Heterometallic Iridium, Rhodium and Ruthenium Nitrido Complexes Supported by Oxygen and Sulfur Donor Ligands

Heterometallic μ‐nitrido complexes have been synthesized from organometallic complexes containing O/S‐donor ligands and a ruthenium(VI) nitride. The treatment of [Ir(tpip)(L)2] (tpip−=[N(Ph2PO)2]−; L=cyclooctene (coe) or 2,6‐dimethylphenylisocyanide (xylNC)) and [Ir{N(iPr2PS)2}(coe)] with [Ru(LOEt)(N)Cl2] (LOEt−=[Co(η5‐C5H5){P(O)(OEt)2}3]−) (1) afforded [(L)(tpip)Ir(μ‐N)Ru(LOEt)Cl2] (L=coe (2) or xylNC (3)) and [(coe){N(iPr2PS)2}Ir(μ‐N)Ru(LOEt)Cl2] (4), respectively, in which the Ir−N(nitride) bonds show double bond character.

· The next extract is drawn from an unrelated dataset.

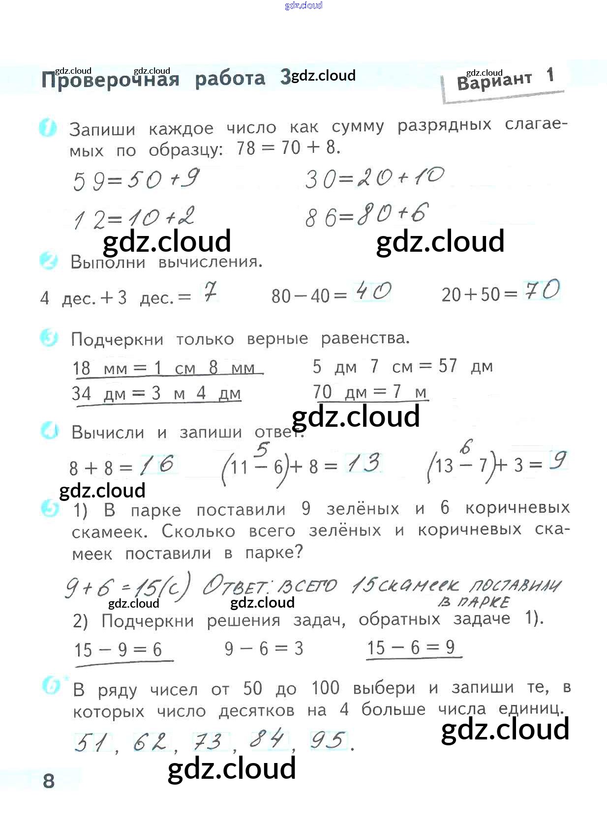 Ответ на задание 8 Проверочные работы Математика за 2 (второй) класс Волкова Школа России 2014

The bonding in 2–4 can be described by two resonance forms: Ir(I)−N≡Ru(VI) and Ir(III)=N=Ru(IV). The treatment of [Ph4P][Ir(CO)2Cl2] with 1 afforded (PPh4)[(CO)Cl2Ir(μ‐N)Ru(LOEt)Cl2] (5) that reacted with [Tl(SR)] to give (PPh4)[(CO)(RS)2Ir(μ‐N)Ru(LOEt)Cl2] (R=xyl (6), C6F4H (7)). The reaction of [M(acac)(CO)2)] or [Ru(acac)2(coe)2] (acac−=acetylacetonate) with 1 gave [(CO)(acac)M(μ‐N)Ru(LOEt)Cl2] [M=Ir (8), Rh (9)] or [(H2O)(acac)2Ru(μ‐N)Ru(LOEt)Cl2] (10), whereas the treatment of [Ru(acac)2(MeCN)2] with 1‐azidoadamantane (AdN3) yielded a Ru(II) tetrazene complex, [Ru(acac)2(N4Ad2)] (11). Heterometallic M−N−Ru (M=Ir, Rh, Ru) complexes have been synthesized from the reactions of organometallic complexes containing O/S‐donor ligands with a ruthenium(VI) nitride. X‐ray crystallography indicated that there is extensive π delocalization in the M−N−Ru units. The factors affecting the bonding in the heterometallic nitrido complexes have been studied.